情報システムがまだ普及してなかった昭和の時代は、飲み屋や食べ物屋は、その店を知ってる先輩や友達に連れて行ってもらった。たまたま入った店が気に入ったら、その店に友だちを誘ったりした。そのうちに、通い慣れた店の常連となる。

 情報システムが普及した今は、食べログなどのグルメサイトで検索して、評判店を探す。それが先鋭化すると、まるでスタンプラリーのように、有名ラーメン店を回ったり、昭和喫茶店を回ったりする。そういう客は、情報を消費しているので、お店の人と関係したり、馴染みの客にはならず、一度だけの観光客になる。

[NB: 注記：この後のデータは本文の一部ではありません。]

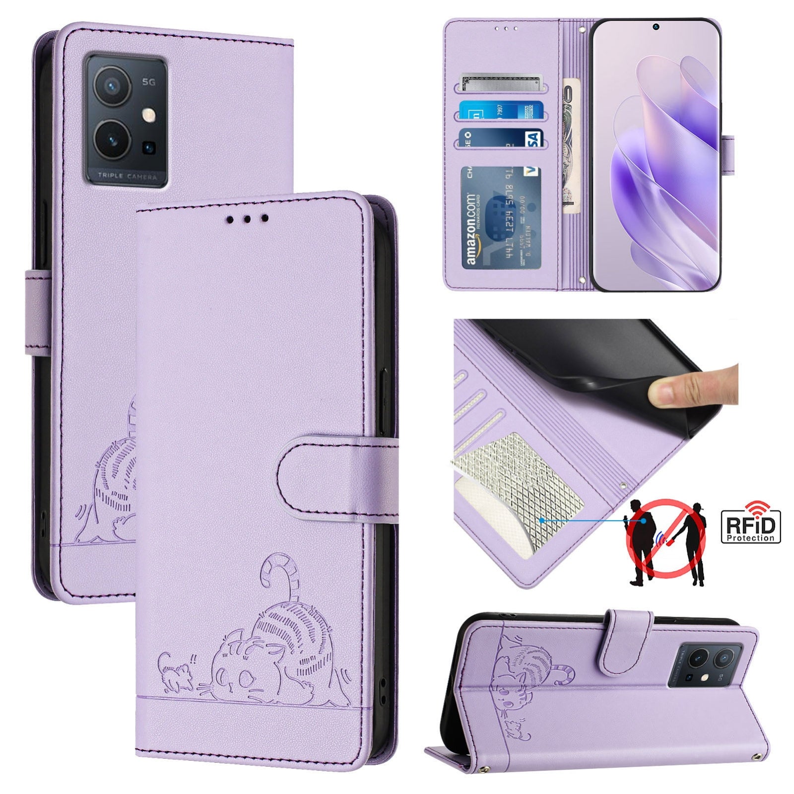 vivo iQOO U5E 5G Cat and Rat Embossed Pattern, RFID Leather Phone Case with Lanyard, Kickstand, and Wallet Features

 広島のお好み焼きの店が、インバウンドの観光客で行列が出来るようになった。大繁盛で結構なことだが、コロナの時に支えてくれた常連客が入れなくなり、観光客お断りの日を作った。店にとっては、大量の一見客も大事だが、常連との関係性も大事なのだ。

 紙の雑誌の情報は、ネットと同じデータではあるが、その情報にヒトが感じられるはずである。ネットは情報が主役だが、紙は著者と読者の関係が主役になる。先輩が連れてきてくれた店のように、新しい知識や報告をもらえる。

 そして、これが私の参加型メディアの本質なのである。イコールは、参加型メディアである。それは、掲載される原稿が、原稿料で依頼した原稿ではない、というのが最大のポイントである。著者が誰かに依頼されて書いた原稿ではなく、自発的に書きたい衝動が大事だと思っている。そして、私と著者の関係で、著者が追求したいテーマに賛同したら、ページを用意する。だから、書かれた情報の中に書いた人間が見えるはずなのである。70年代のロッキングオンがそうだったし、ポンプがそうだった。

 ネットであろうと紙であろうと、文章を書く態度が、自分の表現欲求なのか、業務処理なのかで、伝わるものが違うはずである。

 イコールは、コミュニティで作る雑誌である。ここに掲載するためには、原稿のクォリティやとくだねではなく、私と関係性を作らなければならない。客観的な商品性で評価するのではない。

 私だけのフィルターでは、限定的になるので、編集長の増殖型として、複数の編集長が、それぞれのコミュニティを中心にしたイコールを準備中である。

イコールは新しいライターを募集している。それは私の新しい友だち募集なのである。